In some cases the experimental design may be particularly complex and require advanced understanding of the statistical issues involved. In such cases, there is no real substitute for statistical expertise, and the researcher or a collaborator on the project should have this. In this case our researcher can move to their GVL instance's RStudio platform in Step (3), which gives them a more advanced and flexible set of statistical tools.

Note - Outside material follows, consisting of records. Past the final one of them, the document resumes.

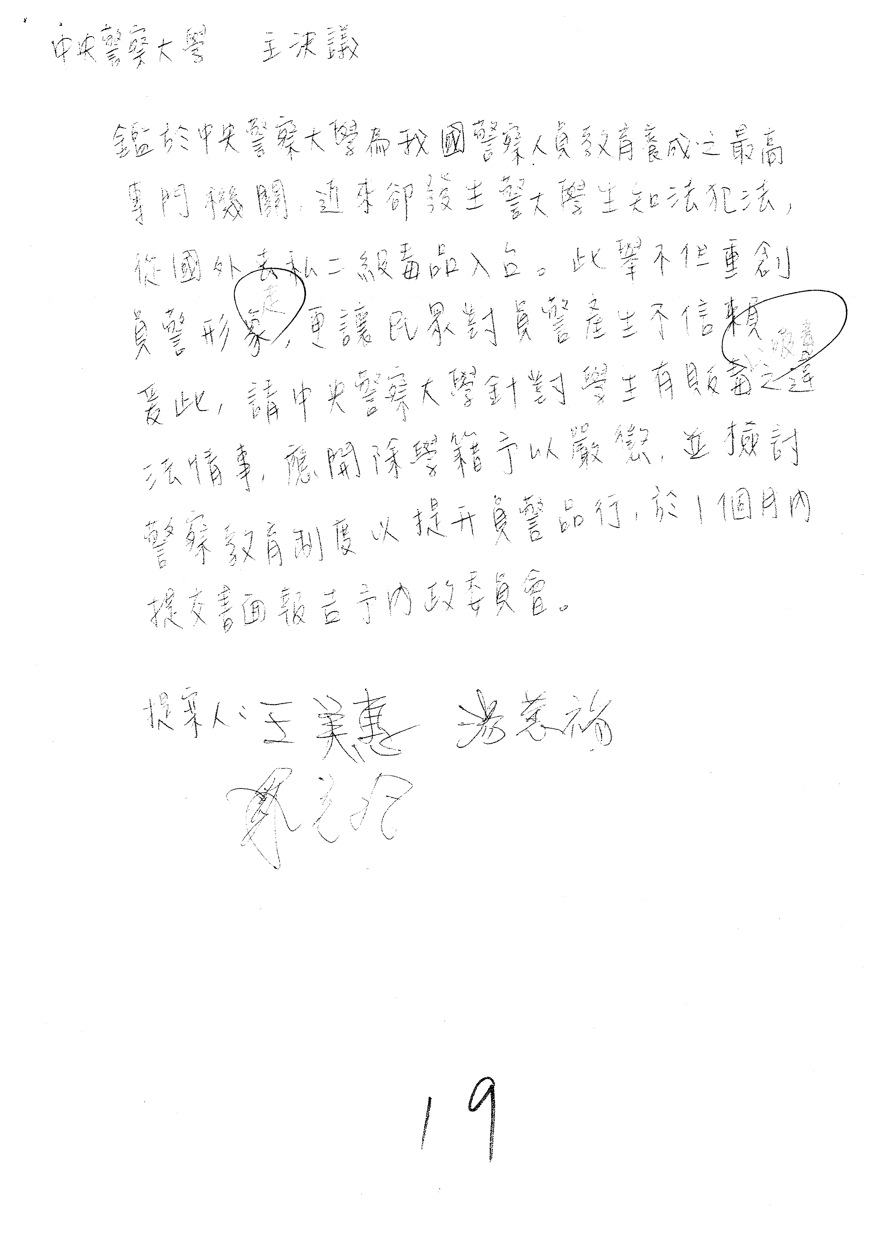 接著處理第1目一般行政,第19案已經改為主決議,經過邱顯智委員同意。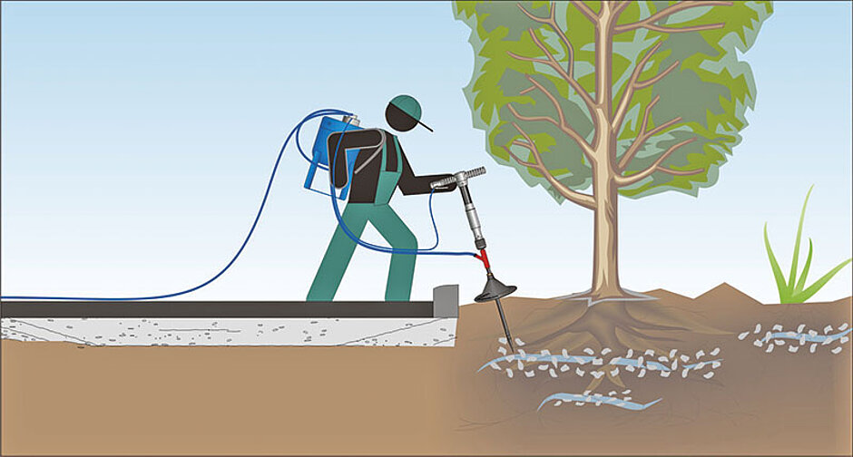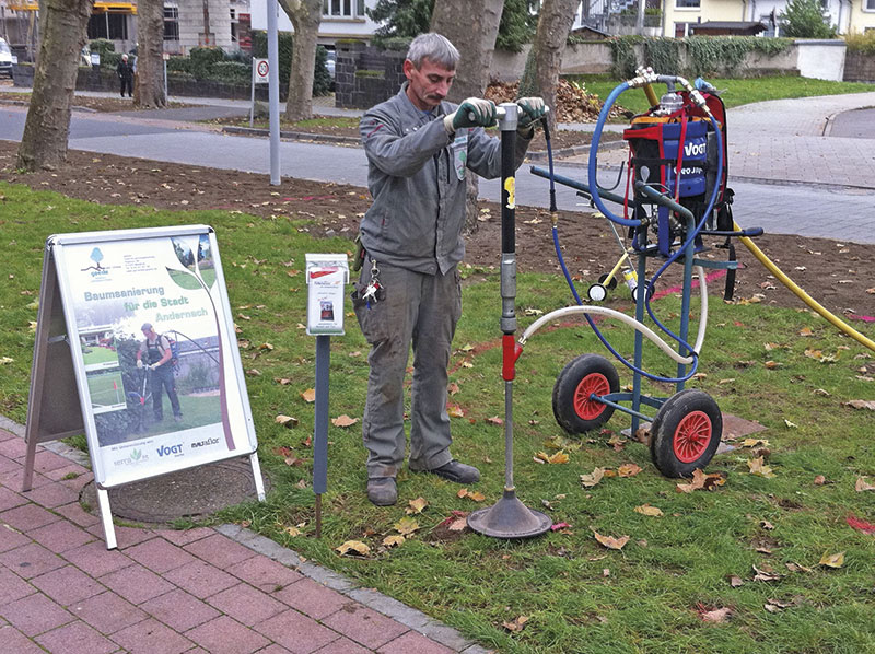 Für die Einbringung der Hilfsstoffe setzen Terra-Fit-Partner druckluftbetriebene Geo-Injektoren von Vogt (ebenfalls aus Pfaffendorf) ein. Dabei wird ein Injektionsspieß in den Boden eingeführt und in den notwendigen Tiefen eine Untermischung im Vorlockerungs- und Einblasverfahren veranlasst. Steuerbar ist neben dem Tiefenschema, das beispielsweise einen tiefgreifenden Baum versorgt, die flach wurzelnde Grasnarbe hingegen auslassen kann, steuerbar ist aber auch die Ausbringrichtung. Gerade im Anschlussbereich an Straße oder Pflaster muss der Bereich der Bodenaufwertung vom Bereich des Straßenunterbaus getrennt werden, will man Hebungsschäden durch Wurzelwachstum vermeiden.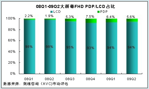 大屏幕等離子產(chǎn)品銷量的增加、全高清技術(shù)滲透率的提升,以及大屏幕全高清等離子產(chǎn)品價格的持續(xù)走低等助推了等離子在40英寸以上大屏幕FHD市場占有率由2008年上半年的2.0%,上升至2009年上半年的6.0%,同比增加4.0%。競爭力持續(xù)增強的趨勢已經(jīng)顯現(xiàn)。

It is possible to carry out computationally-intensive steps (alignment of reads) in Galaxy or via the command-line, and then access the resulting gene counts in RStudio. Most popular Bioconductor libraries for DGE analysis are pre-installed into R on GVL instances.
The results output from any of these analyses can be stored in persistent cloud storage and/or downloaded for further use in other tools. The researcher can shut down their instance and use CloudMan functionality to re-initialise the same environment at a later date, or to share the complete workbench specification with other researchers .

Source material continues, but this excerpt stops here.